Low quality quant
I tried this quant with oMLX backend server, and it seems pretty broken, confusing simple numbers during tasks requiring calculations and going into infinite loops. Tried with the recommended and other sampling params.
It could also be that M2.7 is more sensitive to quantization?
@bibproj thanks,
I remember reading that MiniMax M2.x is more sensitive to aggressive quantization compared to Qwen3 or Qwen3.5 models.
I tried in the past I think MiniMax M2.1 3bit mlx with LM Studio and it was ok.

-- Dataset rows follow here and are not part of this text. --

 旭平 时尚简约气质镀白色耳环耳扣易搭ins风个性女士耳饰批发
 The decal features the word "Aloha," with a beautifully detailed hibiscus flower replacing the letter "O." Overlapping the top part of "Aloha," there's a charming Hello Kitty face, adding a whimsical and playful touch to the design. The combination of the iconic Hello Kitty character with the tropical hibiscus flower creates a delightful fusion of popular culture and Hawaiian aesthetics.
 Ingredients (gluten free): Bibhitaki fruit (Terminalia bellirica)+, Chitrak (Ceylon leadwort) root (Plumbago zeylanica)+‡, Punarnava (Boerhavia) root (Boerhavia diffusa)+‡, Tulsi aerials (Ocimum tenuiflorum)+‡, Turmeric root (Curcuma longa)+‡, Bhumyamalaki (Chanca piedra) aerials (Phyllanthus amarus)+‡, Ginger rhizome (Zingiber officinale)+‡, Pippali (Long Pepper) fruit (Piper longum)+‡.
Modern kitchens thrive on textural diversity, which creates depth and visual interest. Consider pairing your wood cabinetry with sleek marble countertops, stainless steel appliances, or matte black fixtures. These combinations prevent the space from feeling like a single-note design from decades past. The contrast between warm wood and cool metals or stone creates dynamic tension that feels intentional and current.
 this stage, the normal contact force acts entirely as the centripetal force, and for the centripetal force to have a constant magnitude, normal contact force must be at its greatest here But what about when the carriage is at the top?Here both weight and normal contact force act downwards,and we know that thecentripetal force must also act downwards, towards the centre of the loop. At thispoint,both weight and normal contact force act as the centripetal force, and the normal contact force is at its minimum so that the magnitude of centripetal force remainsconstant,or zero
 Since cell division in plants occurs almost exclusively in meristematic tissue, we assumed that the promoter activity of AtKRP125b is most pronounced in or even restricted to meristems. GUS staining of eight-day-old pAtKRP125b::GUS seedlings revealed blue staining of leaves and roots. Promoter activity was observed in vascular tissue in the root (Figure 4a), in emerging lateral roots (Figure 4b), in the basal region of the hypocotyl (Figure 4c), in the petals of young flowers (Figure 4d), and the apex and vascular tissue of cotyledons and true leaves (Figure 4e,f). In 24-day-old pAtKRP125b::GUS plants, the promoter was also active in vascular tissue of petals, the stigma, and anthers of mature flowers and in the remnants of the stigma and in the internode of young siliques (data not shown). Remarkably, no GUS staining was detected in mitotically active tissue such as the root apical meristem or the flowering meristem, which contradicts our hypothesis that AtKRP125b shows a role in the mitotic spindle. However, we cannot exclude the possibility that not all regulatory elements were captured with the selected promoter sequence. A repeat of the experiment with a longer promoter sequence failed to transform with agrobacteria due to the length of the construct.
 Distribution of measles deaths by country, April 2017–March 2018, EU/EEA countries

Sorry I already deleted this 3bit quant, I’m curious to try some of the mixed/dynamic mlx versions that seem to be popular now. I have Mac Studio with 128gb memory, so looking for something to fit plus room for decent context.
Ubergarm is quite good with this. He normally does this using ik_llama.cpp, with good results. It is not MLX, but normally also does work on Macs. You can find his quants for MiniMax-2.7 at https://huggingface.co/ubergarm/MiniMax-M2.7-GGUF. Try the smol-IQ3_KS version at https://huggingface.co/ubergarm/MiniMax-M2.7-GGUF/tree/main/smol-IQ3_KS, which is 93.7 GB. That sounds about right for your 128GB Mac Studio.